Abstract

Semilocal density-functional theory (DFT) methods exhibit significant errors for the phase diagrams of transition-metal oxides that are caused by an incorrect description of molecular oxygen and the large self-interaction error in materials with strongly localized electronic orbitals. Empirical and semiempirical corrections based on the $\mathrm{DFT}+U$ method can reduce these errors, but the parameterization and validation of the correction terms remains an on-going challenge. We develop a systematic methodology to determine the parameters and to statistically assess the results by considering interlinked thermochemical data across a set of transition metal compounds.
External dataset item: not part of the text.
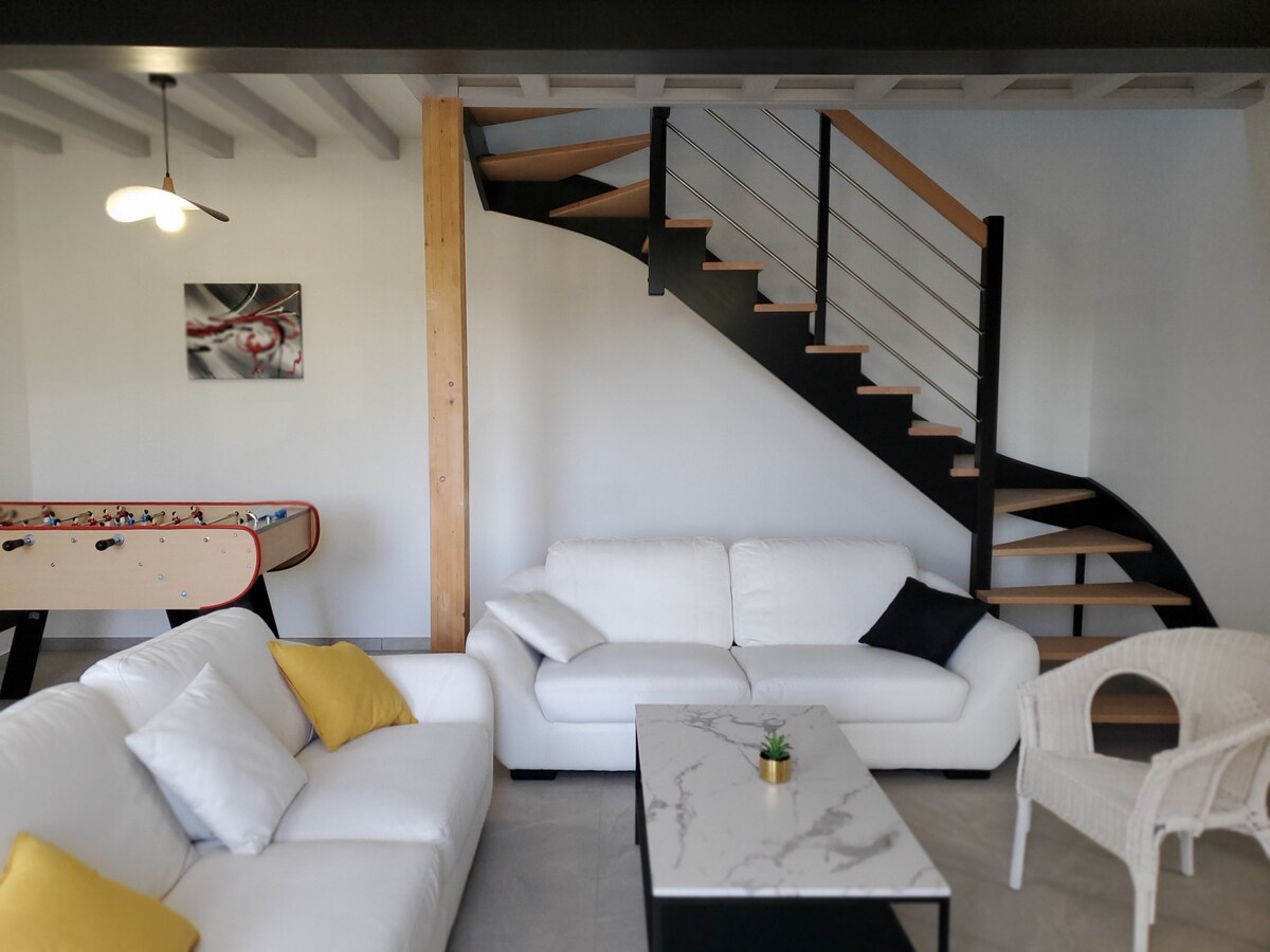 Cette maison aménagée dans un esprit loft, offre un espace chaleureux et confortable, entièrement meublé, équipé (draps et serviettes fournis sans supplément) et climatisé, idéal pour un séjour reposant en toute intimité. 🤱Possibilité pour un séjour en famille avec un enfant, le logement dispose d’un espace nuit adapté et d’un jardin clos et sécurisé, parfait pour profiter de l’extérieur en toute tranquillité.

We consider three interconnected levels of correction terms: (1) a constant oxygen binding correction, (2) Hubbard-$U$ correction, and (3) $\mathrm{DFT}/\mathrm{DFT}+U$ compatibility correction. The parameterization is expressed as a unified optimization problem. We demonstrate this approach for $3d$ transition metal oxides, considering a target set of binary and ternary oxides. With a total of 37 measured formation enthalpies taken from the literature, the dataset is augmented by the reaction energies of 1710 unique reactions that were derived from the formation energies by systematic enumeration. To ensure a balanced dataset across the available data, the reactions were grouped by their similarity using clustering and suitably weighted. The parameterization is validated using leave-one-out cross validation (CV), a standard technique for the validation of statistical models. We apply the methodology to the strongly constrained and appropriately normed (SCAN) density functional. Based on the CV score, the error of binary (ternary) oxide formation energies is reduced by 40% (75%) to 0.10 (0.03) eV/atom. A simplified correction scheme that does not involve $\mathrm{SCAN}/\mathrm{SCAN}+U$ compatibility terms still achieves an error reduction of 30% (25%). The method and tools demonstrated here can be applied to other classes of materials or to parameterize the corrections to optimize $\mathrm{DFT}+U$ performance for other target physical properties.